However, on this day there it was!
Super Play Issues 1-45 (missing # 9) plus 3 official Super Play Binders. Also includes Super Play Gold 1993 SNES Guide. HOLY CRAP! What were the odds, and what is happening here?! It sounds corny but it really, truly did feel like fate.
It was ALMOST the entire set, only missing issues number 9, 46 and 47 — WOW.
I put it on my watch list. It would end in six days… August 17, 2006. Even back in 2006, I had developed a special eBay bidding tactic that I was using since 2002. Tired of multiple bids only to be sniped at the end, I knew what I was going to do.

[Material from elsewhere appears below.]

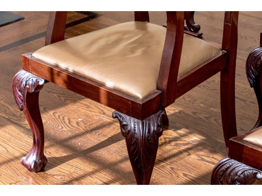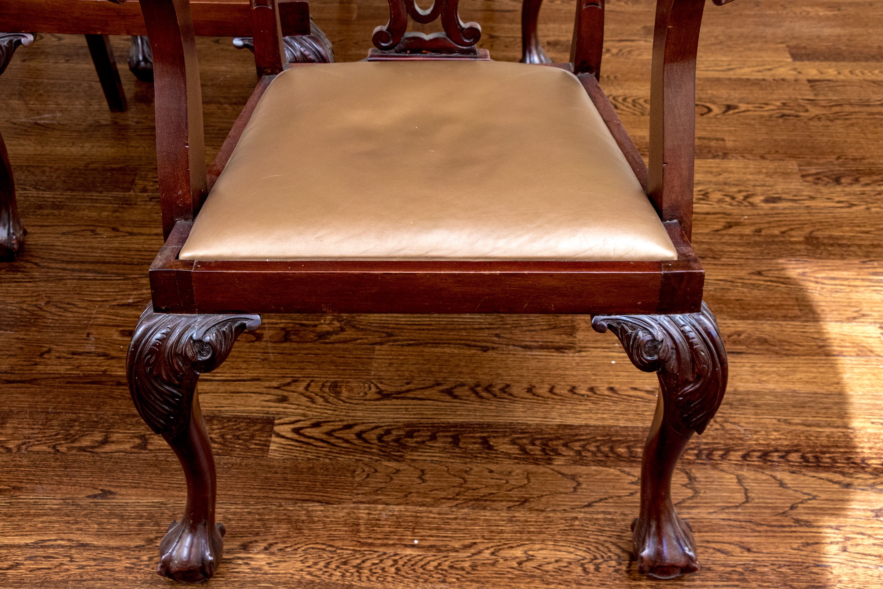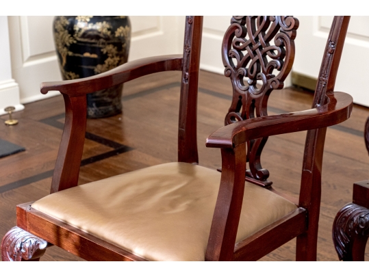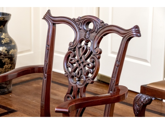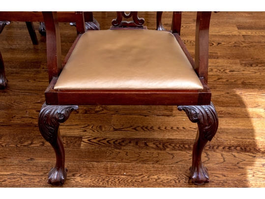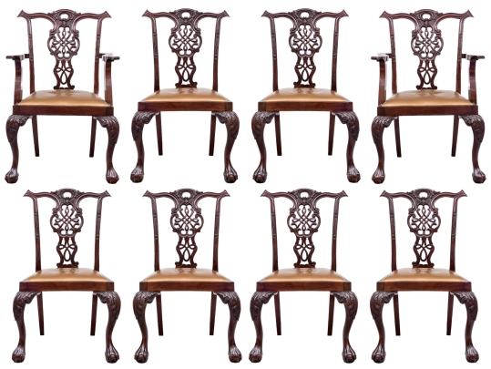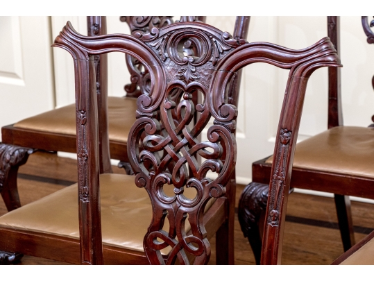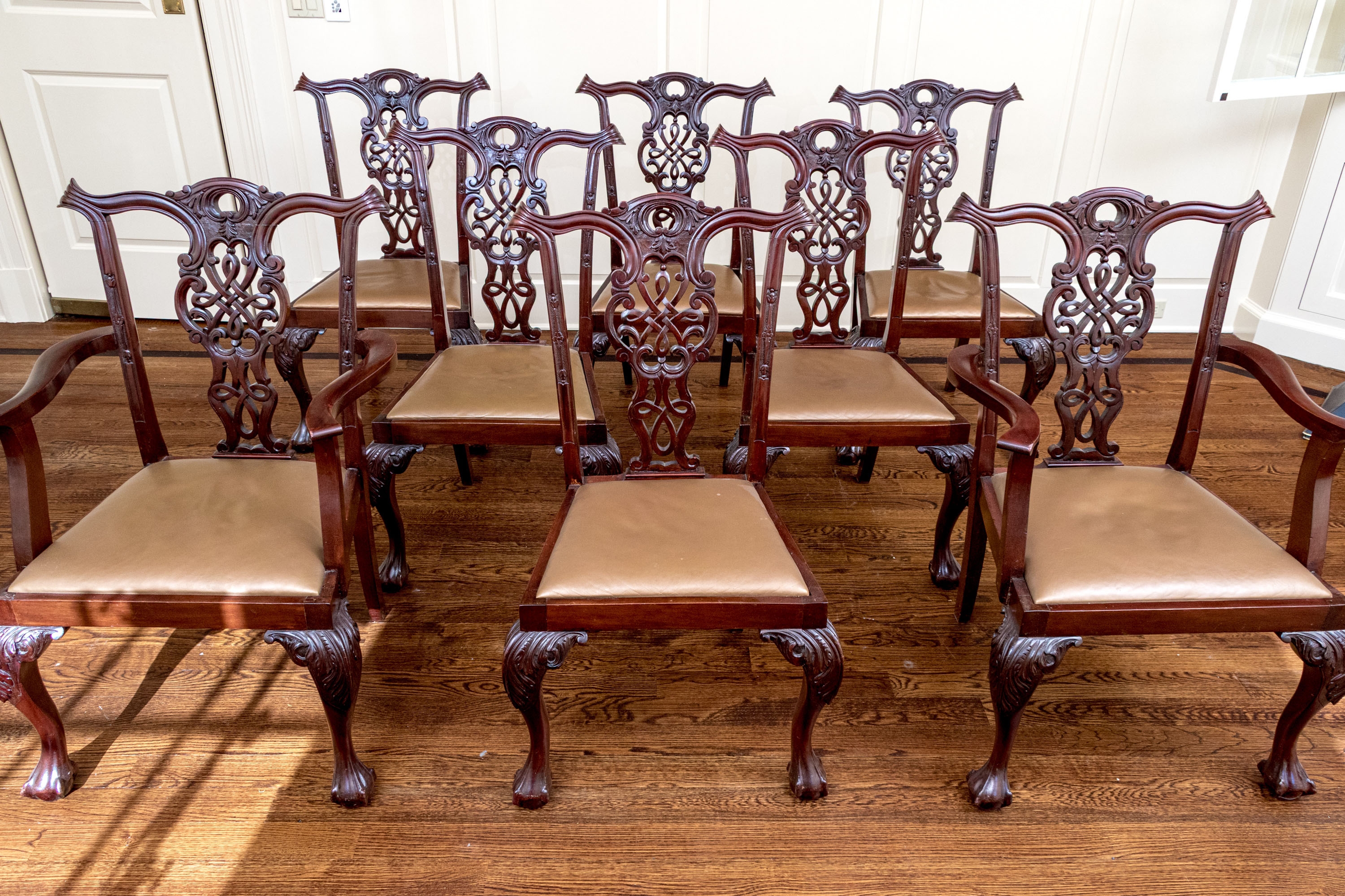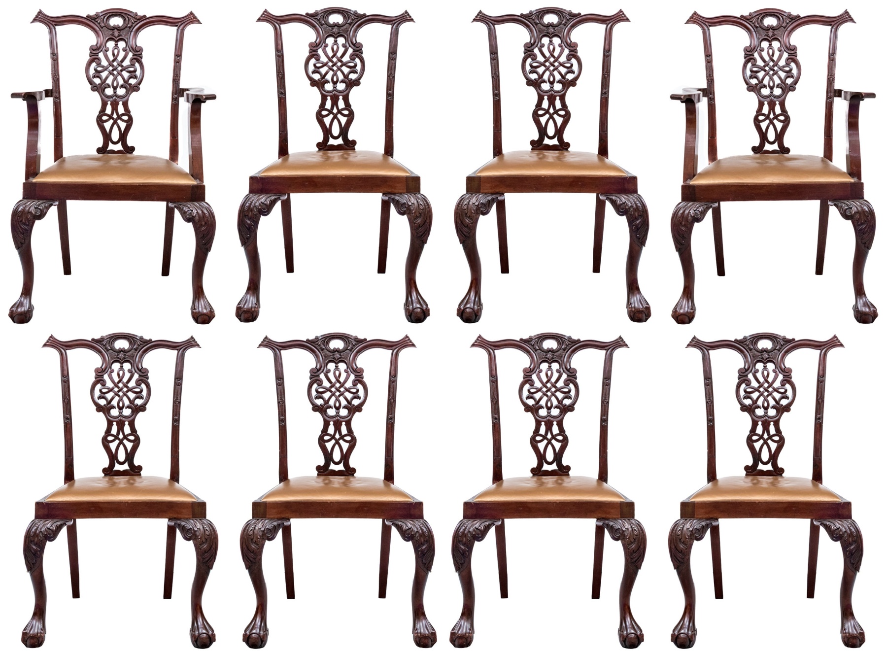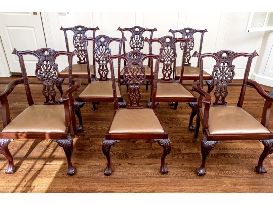 Set of eight Chippendale style mahogany chairs comprised of 2 arm chairs and 6 side chairs. The chairs with intricate intersecting back splat, inset faux leather seat, heavily carved knees, cabriole front legs with ball and claw feet, fluted ears with pierced cresting rail, saber back legs. The chairs are well made with strong joinery and quite comfortable.

One bid, maximum bid, punched in with about 3 seconds to go. Only way to do it on eBay, playa!
Alas, there was one tiny problem…
The auction was ending at 9:57 AM.
What was the problem? At the time I had to resort to use the library for my online duties. You see, my brother temporarily took our computer to his work place to get it fixed. And smart phones didn’t exist back in August 2006. Nor did I have a laptop at that time.
The library doesn’t open until 10 AM. On the surface, a bad stroke of luck, for sure.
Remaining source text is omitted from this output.